← Back to context

Comment by nethunters

5 years ago

Thanks for clearing that up.

Which languages or implementations of languages directly interpret the AST without the intermediary bytecode compilation?

I know Python, Java and JavaScript (V8 and SpiderMonkey) all compile to bytecode first probably to speed up subsequent runs and run some optimisations on the bytecode.

What other benefits are there to compiling to bytecode first vs directly interpreting the AST?

One major benefit of compiling to bytecode first is that bytecode is a more convenient shared source of truth.

For example, SpiderMonkey has two interpreter and two compiler tiers. The output of the parser is bytecode. We can interpret it immediately, and it's a convenient input to the compilers. It also simplifies transitions between tiers: for example, when we bail out of Warp, we resume at a specific bytecode offset in the baseline interpreter.

I'm not sure how you would resume at a particular point in the execution of an AST-based interpreter without agreeing on a linearized traversal of the AST, which is 90% of the way to bytecode.

Perl is a tree based interpreter.
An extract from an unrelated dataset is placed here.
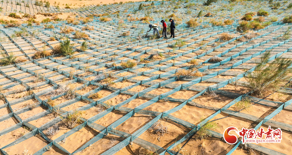 連日來,甘肅省張掖市臨澤、高臺北部荒漠區(qū)防沙治沙區(qū)內(nèi),群眾在防沙治沙工程現(xiàn)場共同壓沙障、栽梭梭、澆水管護、筑牢“阻沙網(wǎng)”,塑緊“防沙衣”,連綿起伏的沙漠上,麥草方格沙障一望無際,栽植的梭梭等植物迎風(fēng)挺立,煥發(fā)蓬勃生機。

It's not exactly an AST anymore but the time it's being executed, but close enough.

If you compile to AST and walk that then your portability is at the source level; you have to send the source over the wire; each target then needs a parser+walker and each target needs to parse+walk. If you compile to bytecode you can send bytecode over the wire and then simply interpret that bytecode.

Portability. Say I wanted to make language X run on all platforms, but I didn't actually care about compiling it on all platforms. I can just write a relatively simple VM for each platform. This is one of the reasons Java was and still kinda is so ubiquitous

  • Wouldn't writing an interpreter for each platform be less work and achieve the same goal as writing a VM for each platform?

    Edit: ^Aside from being able to execute the bytecode on any platform

    • Why would it be less work? The interpreter will need to implement whatever operations a VM can perform, so a priori it's at least as much work. Bonus, if you can bootstrap the source->bytecode process, then you only need to write (and compile) that once to get a full-fledged interpreter on every host with a VM

    • As others mentioned, source code should be distributed that way, and I think creating a simple VM is easier than a simple language parser. But of course, an optimizing one can be really quite complex in both cases.

Gambit Scheme, CLISP, CMUCL are capable of interpreting ASTs, and I believe (although I'm not 100% sure) that this is the case for Lispworks and Allegro CL as well. Also, Ruby until version 1.8.